Below are the records; copy exactly the stretch from the line containing "Inusitado: carro cai" through the line containing "东北育才学校2025-2026学年高三下学期第六次模拟考试 英语.pdf", both ends included, and nothing else.

◆ **PROVIDED DATA**:
※

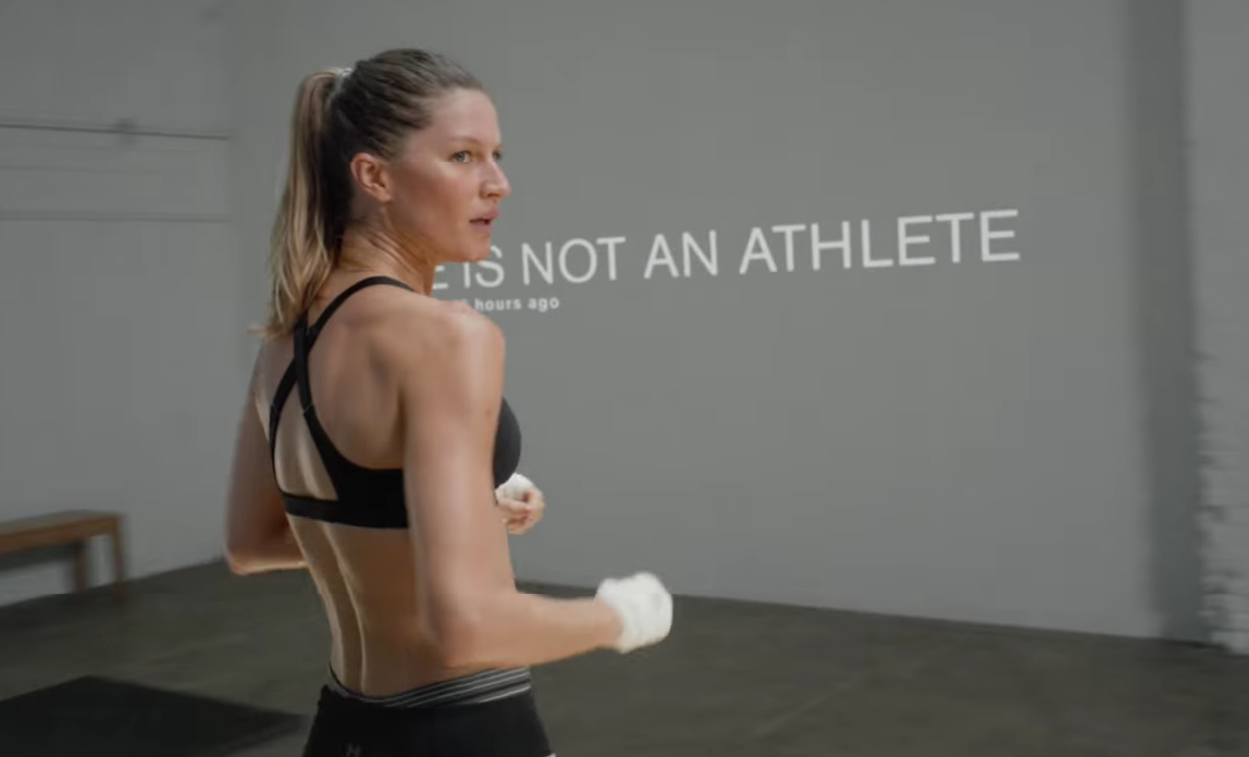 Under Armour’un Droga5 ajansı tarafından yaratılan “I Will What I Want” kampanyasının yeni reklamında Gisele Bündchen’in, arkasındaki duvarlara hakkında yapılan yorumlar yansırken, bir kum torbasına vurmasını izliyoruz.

※

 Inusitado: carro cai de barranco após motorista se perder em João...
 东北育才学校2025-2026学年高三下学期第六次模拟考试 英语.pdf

※

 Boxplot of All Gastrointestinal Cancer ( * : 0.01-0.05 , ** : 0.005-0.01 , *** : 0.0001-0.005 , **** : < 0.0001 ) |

※

◆ **RESULT BELOW**:
 Inusitado: carro cai de barranco após motorista se perder em João...
 东北育才学校2025-2026学年高三下学期第六次模拟考试 英语.pdf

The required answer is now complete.